High society and Hotwell Road converged once two centuries ago, during the heyday of the hot spa, which attracted the Duchesses of Kent and Marlborough, the writers Pope and Sheridan and brought a building boom, London theatre productions and packed ballrooms.

Almost nothing remains of this period, which ended in the 1790s amid mismanagement of the pumproom, bankruptcies and the desertion of the wealthy clientele to the fashionable spas of the newly peaceful Europe. Throughout the 19th and early 20th centuries, Bristol's pre-eminence as a port kept Hotwell Road busy, and traces of its bustling downmarket career are still visible: the mouldering wood landing stages on to which steamers full of day-trippers from South Wales disembarked; the bricked-up aperture of the Rocks Railway, whose hydraulic tram cars climbed 45 degrees up to Clifton's Grand Spa Hotel.

The faade of the General Draper pub - last of the stock of bars, shops and bordellos that serviced the sailors and trippers - still stands, now an office; the view from its windows obscured by a walkway across the approach ramps of the great Cumberland Basin flyover.

The creation of the flyover in the early Sixties created a huge no man's land in the centre of Hotwell Road, quadrupled the traffic and put paid to its chances of following the Georgian crescents up the hill to Clifton and gentrification.

"These houses would be worth roughly double up in Clifton," says Brian McCracken, a local estate agent.
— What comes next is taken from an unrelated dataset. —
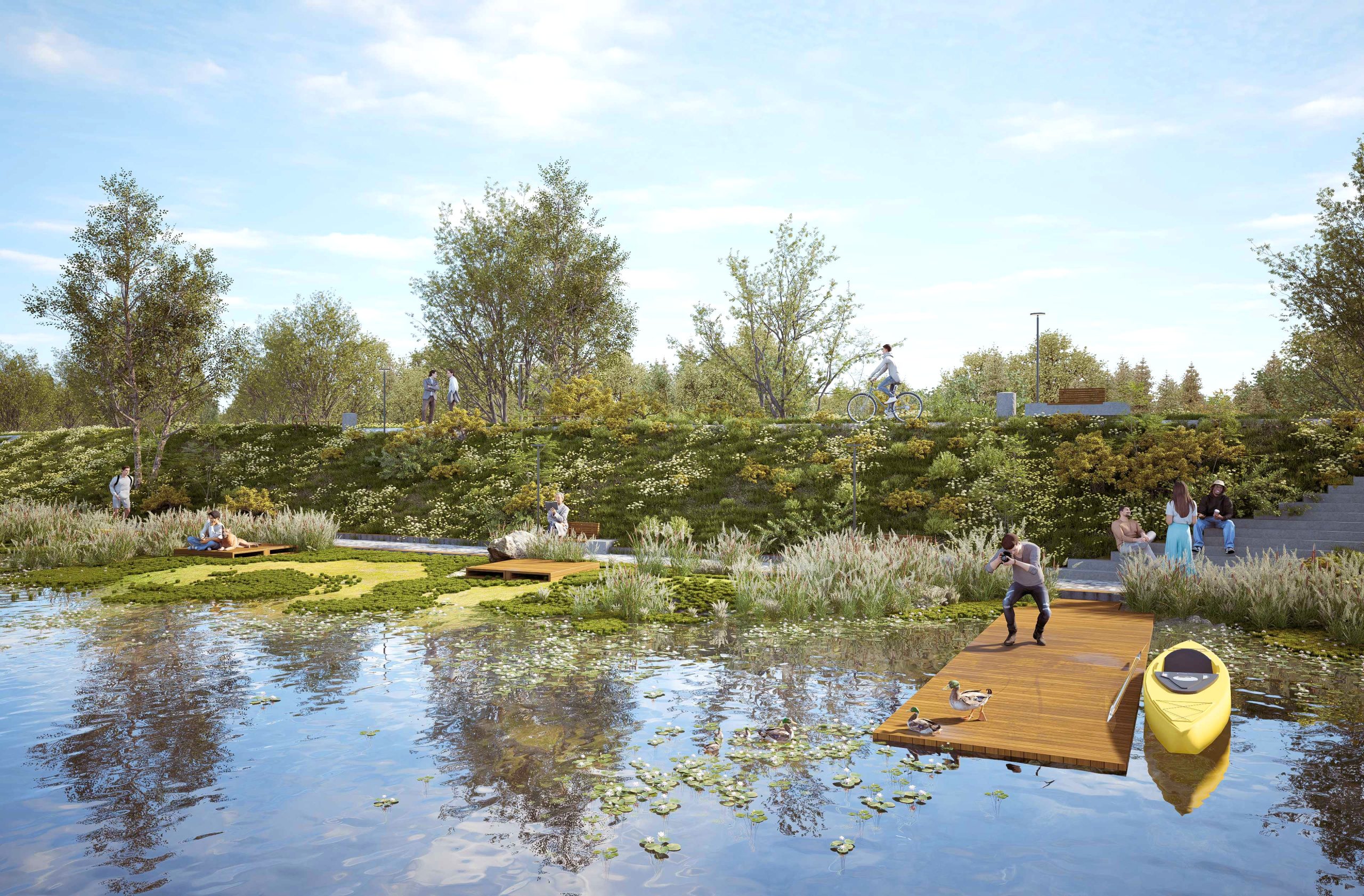 Centralnym punktem proponowanego założenia jest utworzenie zbiornika wodnego w otoczeniu dzikiej przyrody oraz budowa promenady pomiędzy wałem wzdłuż rzeki Jeziorki i nowym zbiornikiem.
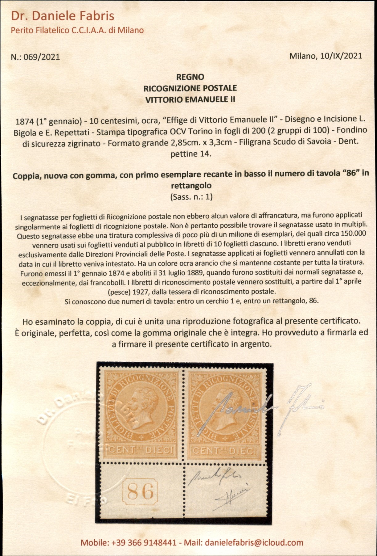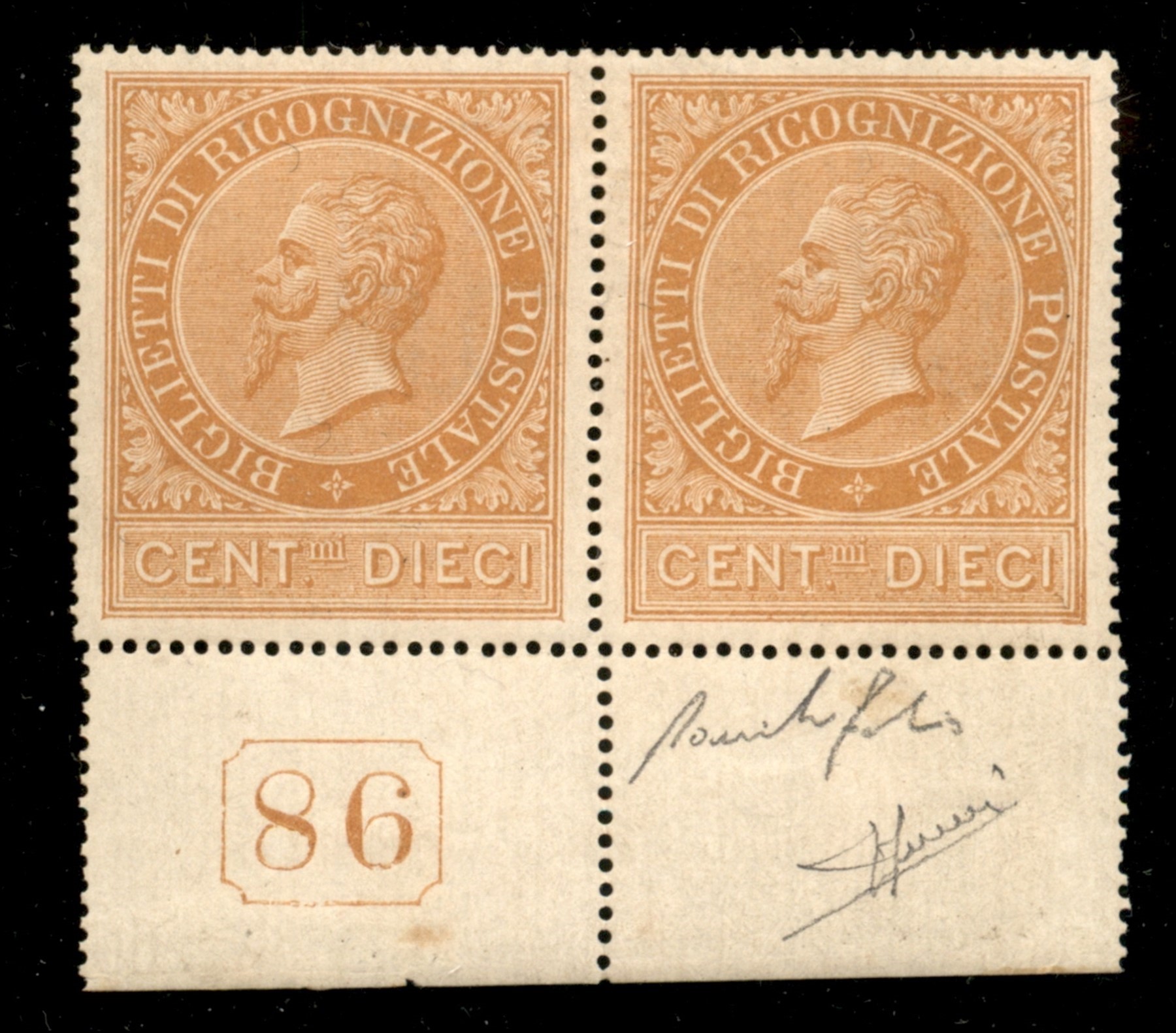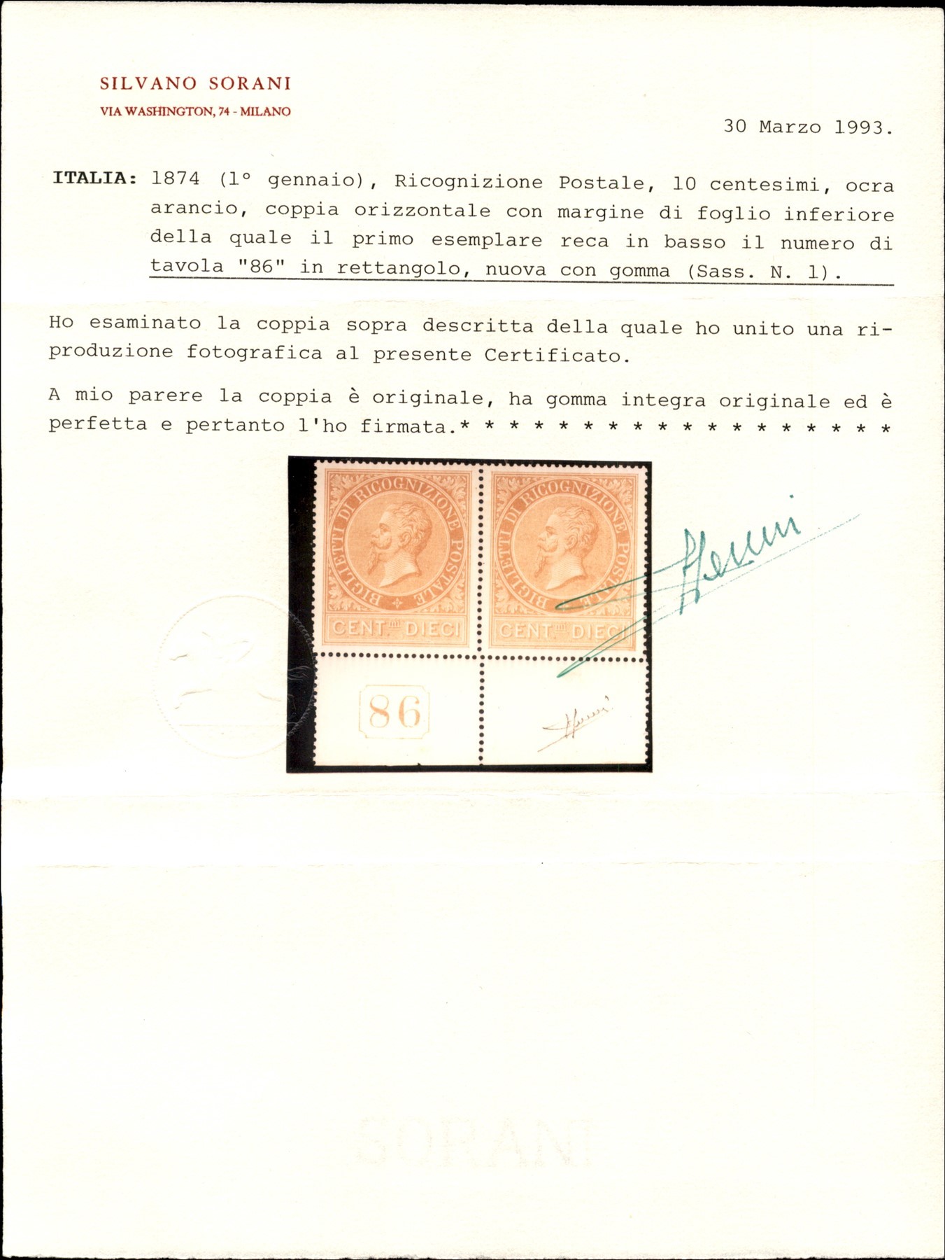 Coppia del 10 cent ocra arancio (1) bordo di foglio con numero di Tavola "86" in rettangolo sull'esemplare di sinistr - discretamente centrati - gomma integra - cert. Sorani + cert. Fabris (Image 1)

Number 400 is up for sale. Barbara Salter, who lived there for 62 years, remembers Overton's Tea Room, the little confectioners shops, the greengrocers and "an old darkie musician" who used to entertain the crowds from the paddle steamers.

Denton Brockway, "driver" of the Tower Belle river launch and local council candidate, left the area in 1981, when the road reopened after a lengthy closure to secure the face of the gorge. "It was wonderful for a year, like the country," he says. "You could hear people talking on the opposite bank of the river."

Mrs Salter has already moved out to Portishead. "Funnily enough," she laughs, "the thing I miss is the traffic."